Benfield, Jacqueline K.; Everton, Lisa F.; Bath, Philip M.; England, Timothy J.

Authors

Jacqueline K. Benfield

Lisa F. Everton

PHILIP BATH philip.bath@nottingham.ac.uk
Stroke Association Professor of Stroke Medicine



Abstract

Objective
To describe and systematically review the current evidence on the effects of swallow therapy augmented by biofeedback in adults with dysphagia (PROSPERO 2016:CRD42016052942).
Data sources
Two independent reviewers conducted searches which included MEDLINE, EMBASE, trial registries and grey literature up to December 2016.
Study selection
Randomised controlled trials (RCTs) and non-RCTs were assessed, including for risk of bias and quality.
Data extraction
Data were extracted by one reviewer and verified by another on biofeedback type, measures of swallow function, physiology and clinical outcome, and analysed using Cochrane Review Manager (random effects models). Results are expressed as weighted mean difference (WMD) and odds ratio (OR).
Data Synthesis
Of 675 articles, we included 23 studies (n=448 participants).
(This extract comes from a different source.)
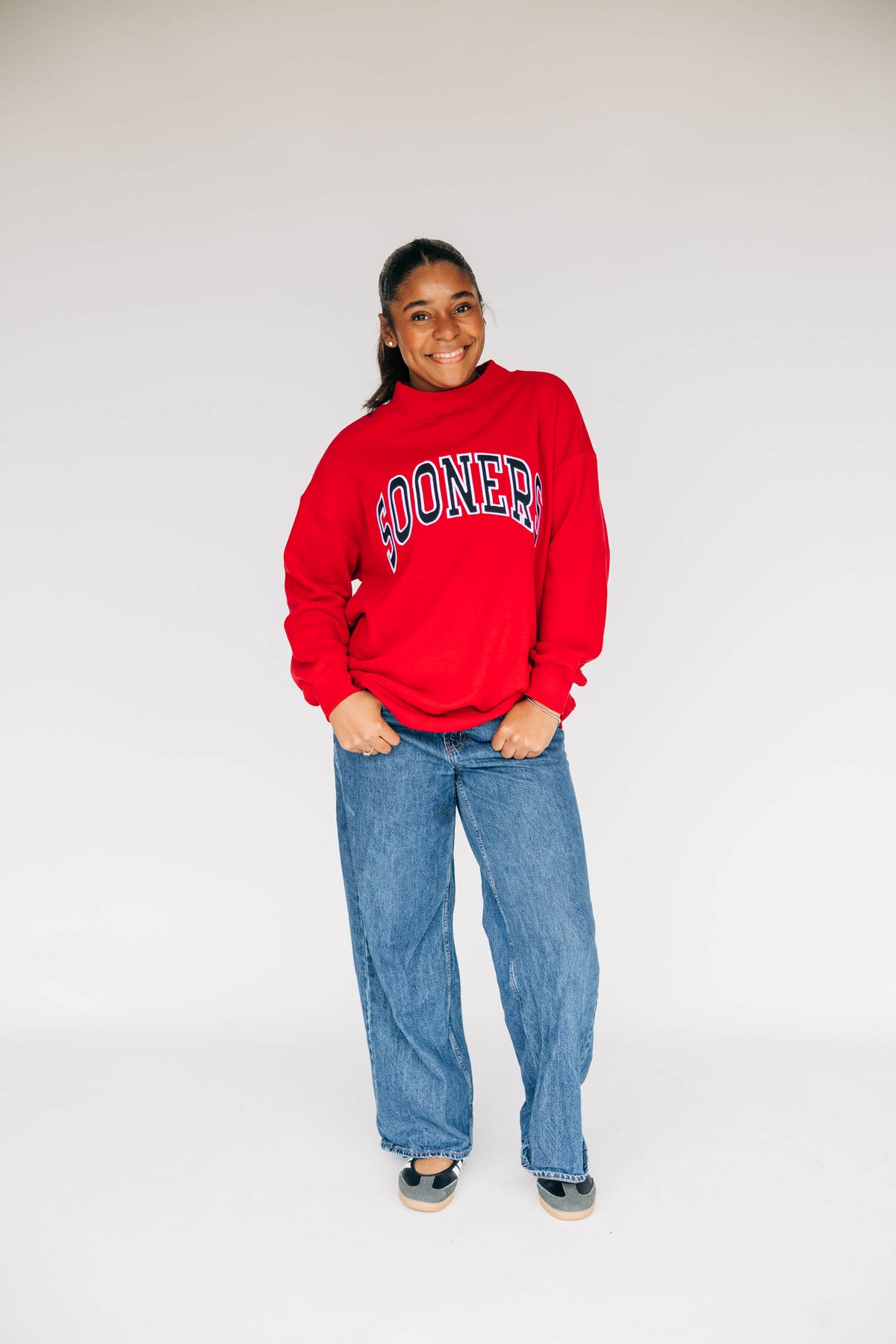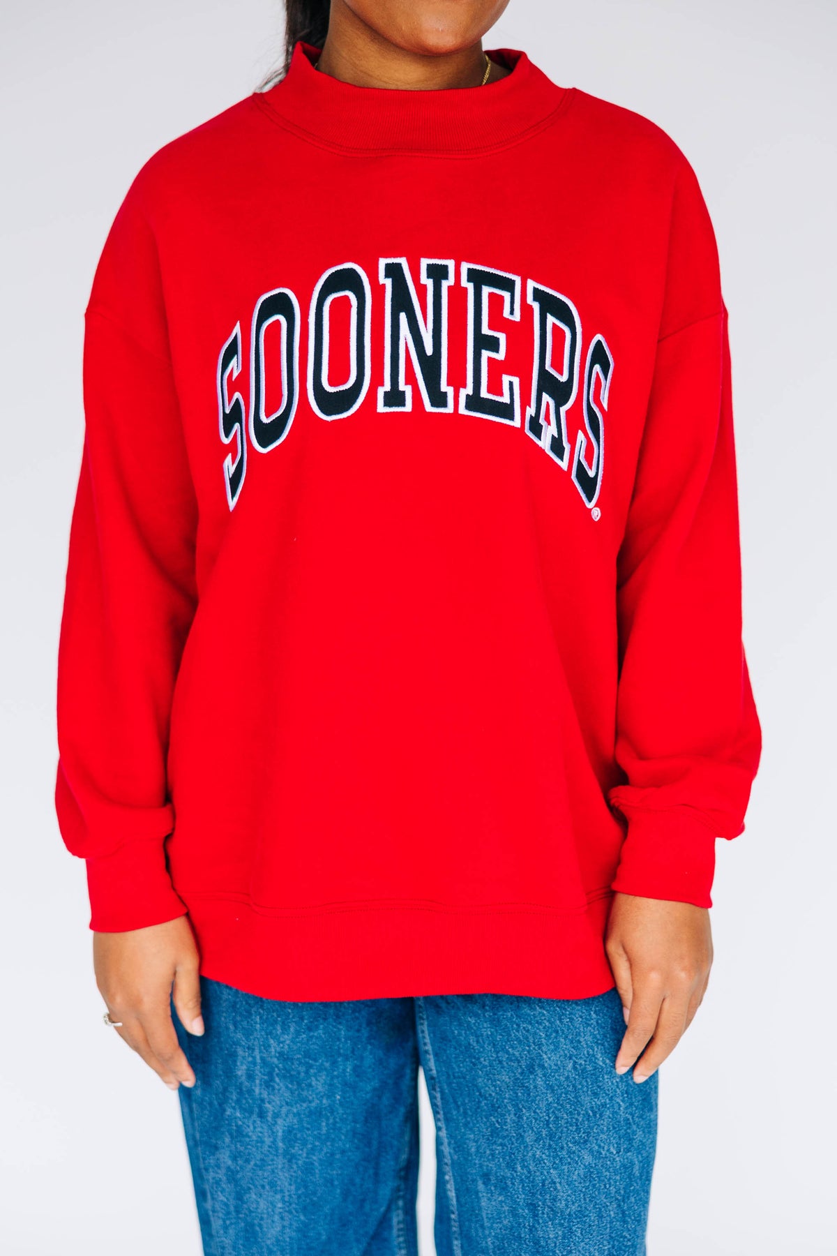 The Madi Classic Mockneck Sooners Applique | Crimson

Three main types of biofeedback were used: accelerometry, surface electromyography and tongue manometry. Exercises included saliva swallows, manoeuvres and strength exercises. Dose varied between 6-72 sessions for 20-60 minutes. Five controlled studies (stroke n=95; head and neck cancer n=33; mixed aetiology n=10) were included in meta-analyses. Compared to control, biofeedback augmented dysphagia therapy significantly enhanced hyoid displacement (three studies, WMD=0.22cm; 95% CI [0.04, 0.40], p=0.02) but there was no significant difference in functional oral intake (WMD=1.10; 95%CI [-1.69, 3.89], p=0.44) or dependency on tube feeding (OR =3.19; 95%CI [0.16, 62.72], p=0.45). Risk of bias was high and there was significant statistical heterogeneity between trials in measures of swallow function and number tube fed (I2 70-94%). Several non-validated outcome measures were used. Subgroup analyses were not possible due to a paucity of studies.
Conclusions
Dysphagia therapy augmented by biofeedback using surface electromyography and accelerometry enhances hyoid displacement but functional improvements in swallowing are not evident. However data are extremely limited and further larger well-designed RCTs are warranted.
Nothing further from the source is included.